EDWARD SHORT states in his introduction that good reviewing demands “careful, imaginative, judicious reading”, combined with “humility and self-effacement” — enough to put any reviewer of his new collection on her or his mettle. This reviewer would humbly add that a good review must be lively, honest, and, where appropriate, amusing — all features of Short’s own work. Whether we should all be as frank and dogmatic as he is is another question, but there is much to gain from a reading of What the Bells Sang, even at its most outrageous.
Alongside shots of our elegant author in Venice, or seated alongside a Roman Catholic bishop at a Newman symposium in Yonkers, NY, the main photo on his website shows him standing near bookshelves containing his books on St John Henry Newman, along with other people’s on G. K. Chesterton, P. G. Wodehouse, and Margaret Thatcher.

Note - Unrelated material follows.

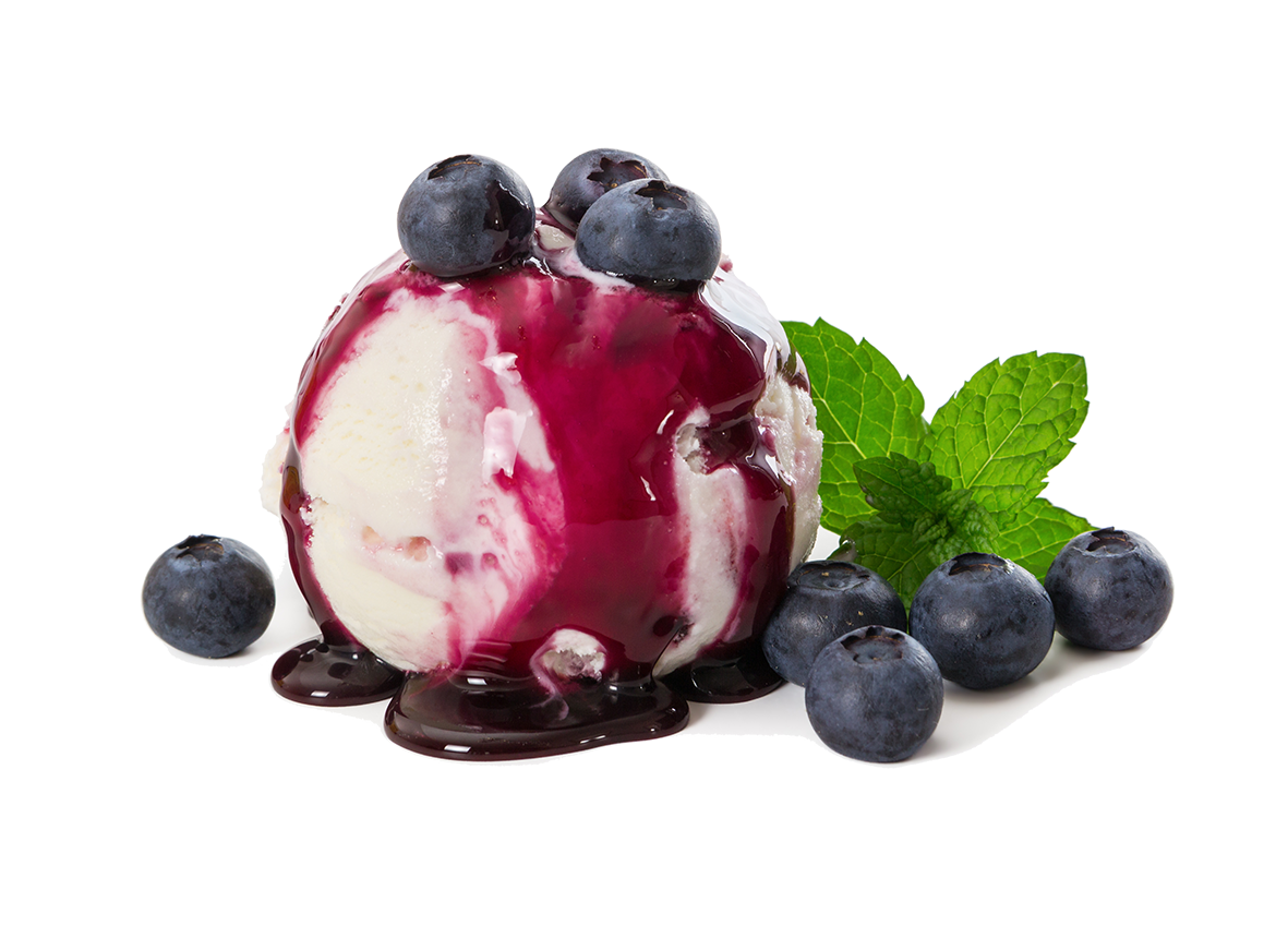 in Biskuit gebackenes Vanilleeis mit warmer Beerengrütze, Sahne & einer Kokos-Ummantelung

A conservative, pro-life, Roman Catholic Anglophile, who lives in the bosom of his family in New York City, Short demands attention as a moralist who defends the truth against all foes in a decadent age.
Not being a journalist, and having no tenure to lose, he comes out of his corner spitting and snarling as he throws right jabs at the “religion of wokery”, whose votaries he describes as “bullying louts”. Catholic Modernism is dismissed as “a program of heterodoxy that seeks to conform the Church to the intellectual, moral and social aberrations of the modern world”. The “ramshackle” Pope Francis is said to share the Marxist view that “the history of the Church is, by and large, a history of colonialism, chicane and oppression.” Norman White’s critical biography of Gerard Manley Hopkins is written off as “wrongheaded”, and Peter Nockles is described as the “absolute worst” of the many “inept” commentators on Newman, on whom Frank Turner offers an inaccurate assertion that is “derisory”.
Having seized our attention with such knockabout pugilism, Short proves to be perceptive, subtle, and kind when writing about his heroes, who include Samuel Johnson, Edmund Burke, Newman, of course, Thomas Hardy as poet, Christopher Dawson, T. S. Eliot, C. S. Lewis, and Evelyn Waugh. Ruskin and Trollope receive honourable mentions, as does Churchill’s biographer Andrew Roberts.
In a book divided into six sections — Poets, Moralists, Historians, Novelists, Biographers, and Saint John Henry Cardinal Newman — it is in the second that Short excels. If “moral dishonesty” is one of his many bêtes noires, his pairing of Lewis and Johnson brings out what he regards as the true meaning of morality. Parallels between the Club and the Inklings are suggestive.
And Short’s true colours are fully displayed in his essay on Burke, whose reverence for institutions, tradition, and “the gifts of Providence” contrasts so starkly with the “manifest evils of rationalism” which haunt our own “pathological” age of decadence and decline.
Infuriatingly, we are not told when and where these pieces were first published, or (some of them) delivered as talks. The editor of this volume should also have limited the number of essays and reviews that are crammed into a book that spreads to 500 pages, with the narrowest of gutters, often taking us back to the author’s heroes in a somewhat repetitive way.
On the other hand, the richness of the offering makes it perfect for dipping, and the reader who disagrees with the author will never be bored. Short’s moral crusade against abortion, his latter-day defence of what Thomas Carlyle called the “dynamical”, over against the “mechanical” ideas of Utilitarianism, and his unhesitating embrace of Mother Church combine to light up what he himself would call “cracking” writing.
Dr Michael Wheeler is a Visiting Professor at the University of Southampton and the author of The Year That Shaped the Victorian Age: Lives, loves and letters of 1845 (Books, 31 March).